Data block:
━━━━━━━━━━━━━━━━━━━━━━━━━━━━━━
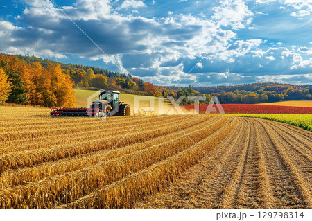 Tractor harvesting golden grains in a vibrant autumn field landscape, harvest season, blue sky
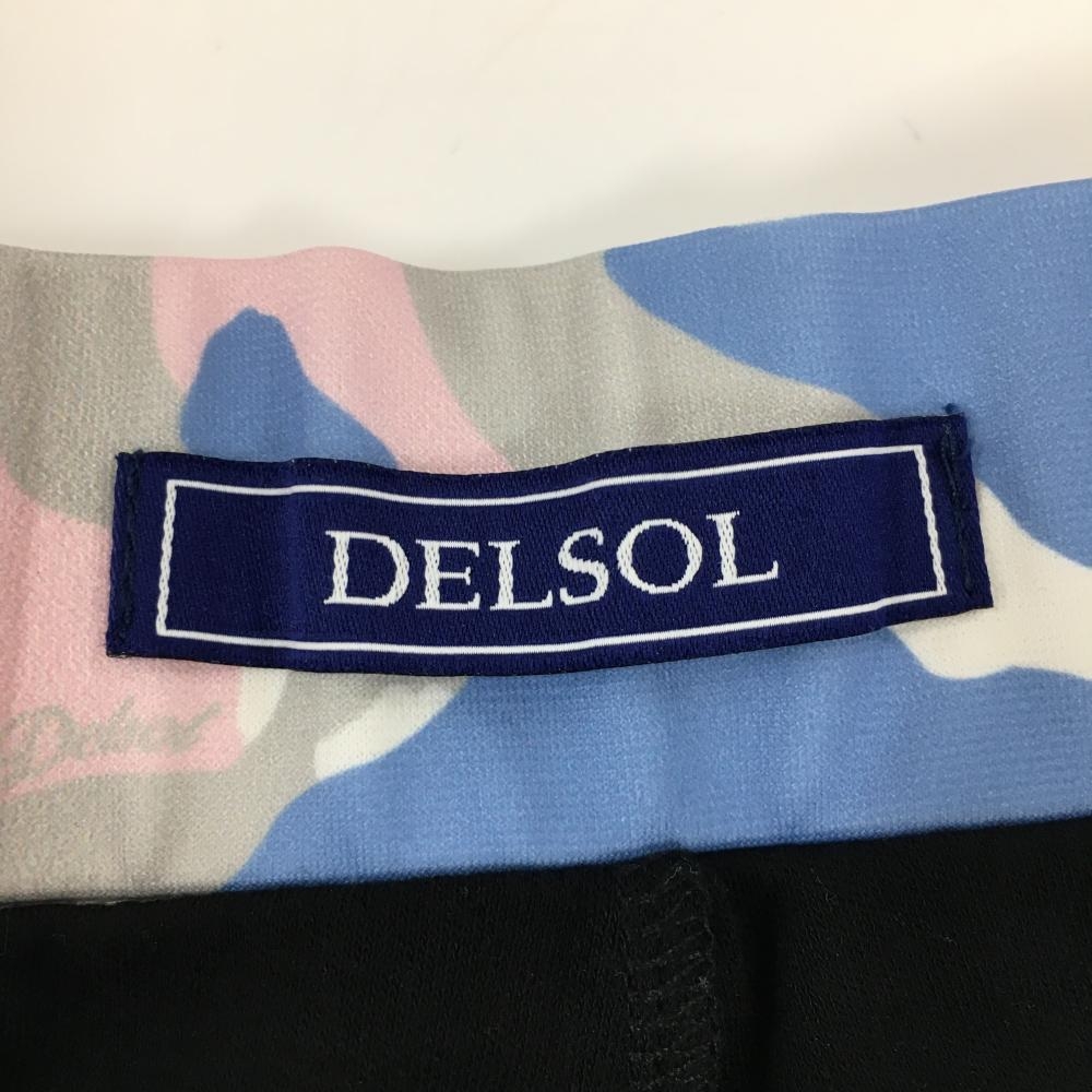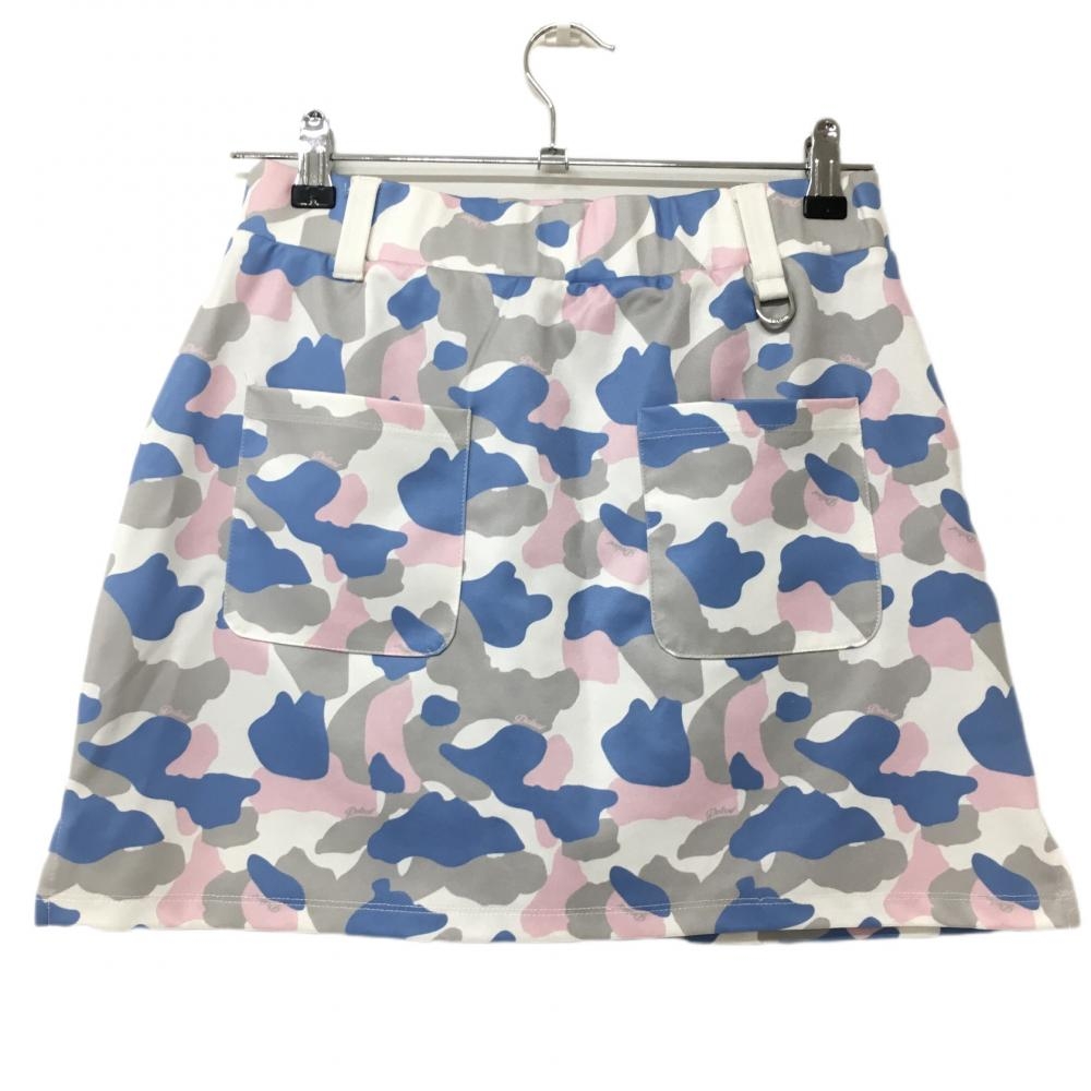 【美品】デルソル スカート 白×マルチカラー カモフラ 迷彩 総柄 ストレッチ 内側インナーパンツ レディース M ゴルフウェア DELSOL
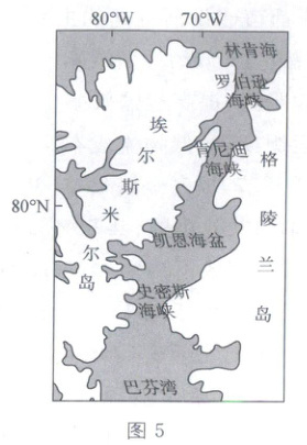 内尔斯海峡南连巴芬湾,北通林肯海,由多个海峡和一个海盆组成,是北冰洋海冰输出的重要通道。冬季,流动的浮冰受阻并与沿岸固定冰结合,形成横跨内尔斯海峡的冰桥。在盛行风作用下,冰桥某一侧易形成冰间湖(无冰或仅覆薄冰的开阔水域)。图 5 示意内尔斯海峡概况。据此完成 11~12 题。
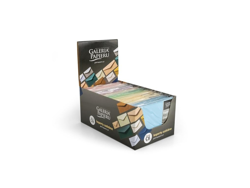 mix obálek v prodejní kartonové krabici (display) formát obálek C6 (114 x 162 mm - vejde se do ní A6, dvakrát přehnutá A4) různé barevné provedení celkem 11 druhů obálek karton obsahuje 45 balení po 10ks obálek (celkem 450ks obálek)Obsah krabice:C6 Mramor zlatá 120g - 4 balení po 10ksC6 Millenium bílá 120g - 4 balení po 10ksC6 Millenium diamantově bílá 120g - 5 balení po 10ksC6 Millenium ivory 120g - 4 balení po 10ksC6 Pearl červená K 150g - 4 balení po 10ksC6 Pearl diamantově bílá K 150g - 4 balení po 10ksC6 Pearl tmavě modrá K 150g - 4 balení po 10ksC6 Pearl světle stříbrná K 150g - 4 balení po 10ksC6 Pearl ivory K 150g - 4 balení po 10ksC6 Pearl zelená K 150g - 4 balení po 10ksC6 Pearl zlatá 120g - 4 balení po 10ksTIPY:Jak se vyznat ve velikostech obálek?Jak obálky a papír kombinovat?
━━━━━━━━━━━━━━━━━━━━━━━━━━━━━━
Exercise goal:
Only an exact copy is wanted: the lines from the opening of the material through the line that has "示意内尔斯海峡概况。据此完成 11~12 题。", minus any pictures.

Response for this exercise:
 Tractor harvesting golden grains in a vibrant autumn field landscape, harvest season, blue sky
 【美品】デルソル スカート 白×マルチカラー カモフラ 迷彩 総柄 ストレッチ 内側インナーパンツ レディース M ゴルフウェア DELSOL
 内尔斯海峡南连巴芬湾,北通林肯海,由多个海峡和一个海盆组成,是北冰洋海冰输出的重要通道。冬季,流动的浮冰受阻并与沿岸固定冰结合,形成横跨内尔斯海峡的冰桥。在盛行风作用下,冰桥某一侧易形成冰间湖(无冰或仅覆薄冰的开阔水域)。图 5 示意内尔斯海峡概况。据此完成 11~12 题。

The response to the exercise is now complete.